I think often of “how it used to be”. Of how as a 6th grader I played after school jungle gym tag, was the second faster runner that year (just a step behind Jimmy McCloud), my knees springing from bar to bar or pounding sturdily beside him, neck and neck as we raced across the playground during recess.

I remember “how it used to be” with a knee that water skied and snow skied and cross country skied, that swiveled on a tennis court, peddled the ups and downs of Yellowstone National Park, hiked Colorado mountain trails to nearly 14,000 feet. A knee that knelt and gardened and cycled prairie paths and Fox River trails. A knee that supported taking stairs two at a time (both up and down) all the years I’ve lived in this stair-laden house. A knee I could count on, never worried about, took for granted.
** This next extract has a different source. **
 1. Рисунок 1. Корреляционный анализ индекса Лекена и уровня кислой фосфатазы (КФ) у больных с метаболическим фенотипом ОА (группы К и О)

Now I have a knee that no longer cycles, avoids long walks, wakes me up at night, is painful most of the time. It is still a strong knee, stable, not wobbly but it hurts. It is an arthritic bone on bone mess. It needs railings for stairs, ice packs for respite.
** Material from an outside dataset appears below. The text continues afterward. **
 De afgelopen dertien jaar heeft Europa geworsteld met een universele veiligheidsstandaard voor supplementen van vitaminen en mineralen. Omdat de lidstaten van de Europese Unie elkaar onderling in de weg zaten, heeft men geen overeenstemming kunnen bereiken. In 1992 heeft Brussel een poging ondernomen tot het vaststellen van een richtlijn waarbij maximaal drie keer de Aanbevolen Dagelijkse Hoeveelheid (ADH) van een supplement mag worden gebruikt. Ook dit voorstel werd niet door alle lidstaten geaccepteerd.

I know my sadness is directly related to “how it used to be”. When Bob was alive on earth, when hikes and walks and skiing and cycling and gardening were matter-of-fact parts of our lives. When he would skip up the stairs at O’Hare, two at a time a sample case in each hand, just for exercise. Or mow the ups of our front lawn at a run, pushing a hand mower to stay in shape.

And I’m sad most of all because, though life goes on, there will never be true “replacement”. For Bob, for my knee or for “how it used to be”. Tonight I pray for courage, perspective, discernment and grace for what’s ahead. Even in my lament I am aware of how much rich life has been mine to experience. And I am grateful.